Repeat the listing below in full and exactly, but without its pictures.

— Exercise data —
=== Begin Enclosure ===
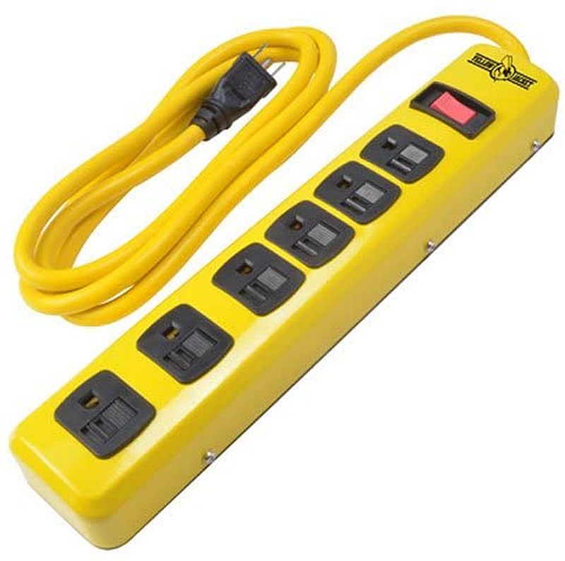 Yellow Jacket Metal Power Strip with 6-Foot Cord, 6-Outlet. 6 Grounded Outlets. Metal Body is stronger than plastic. Ideal for Workshops, and garages. Great solution for computers, laser printers, and home-theater systems. Safely adds outlets anywhere you need them with Overload protection.
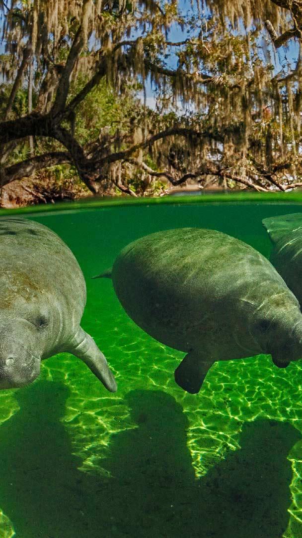 We’re in Florida’s Blue Spring State Park for Manatee Awareness Month. As winter approaches, Blue Spring becomes a safe harbor for manatees, aka sea cows, looking for warmer inland waters. It’s also a protected area for the manatees, where they can eat and swim without fear of injury from boats. In fact, researchers identify many of the manatees in Blue Spring by the scars they bear from accidental boat collisions and motor blade cuts. Identifying individual manatees has been crucial to tracking the population rebound of this once endangered species. A 2016 census of manatees in Florida’s springs counted 6,250 of the large, surprisingly graceful beasts.
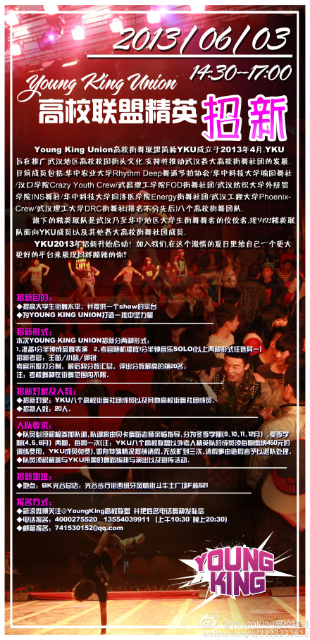 1、新浪微博關(guān)注@YoungKing高校聯(lián)盟 并把姓名電話(huà)舞種發(fā)私信
=== End Enclosure ===
— Response to this exercise —
 Yellow Jacket Metal Power Strip with 6-Foot Cord, 6-Outlet. 6 Grounded Outlets. Metal Body is stronger than plastic. Ideal for Workshops, and garages. Great solution for computers, laser printers, and home-theater systems. Safely adds outlets anywhere you need them with Overload protection.
 We’re in Florida’s Blue Spring State Park for Manatee Awareness Month. As winter approaches, Blue Spring becomes a safe harbor for manatees, aka sea cows, looking for warmer inland waters. It’s also a protected area for the manatees, where they can eat and swim without fear of injury from boats. In fact, researchers identify many of the manatees in Blue Spring by the scars they bear from accidental boat collisions and motor blade cuts. Identifying individual manatees has been crucial to tracking the population rebound of this once endangered species. A 2016 census of manatees in Florida’s springs counted 6,250 of the large, surprisingly graceful beasts.
 1、新浪微博關(guān)注@YoungKing高校聯(lián)盟 并把姓名電話(huà)舞種發(fā)私信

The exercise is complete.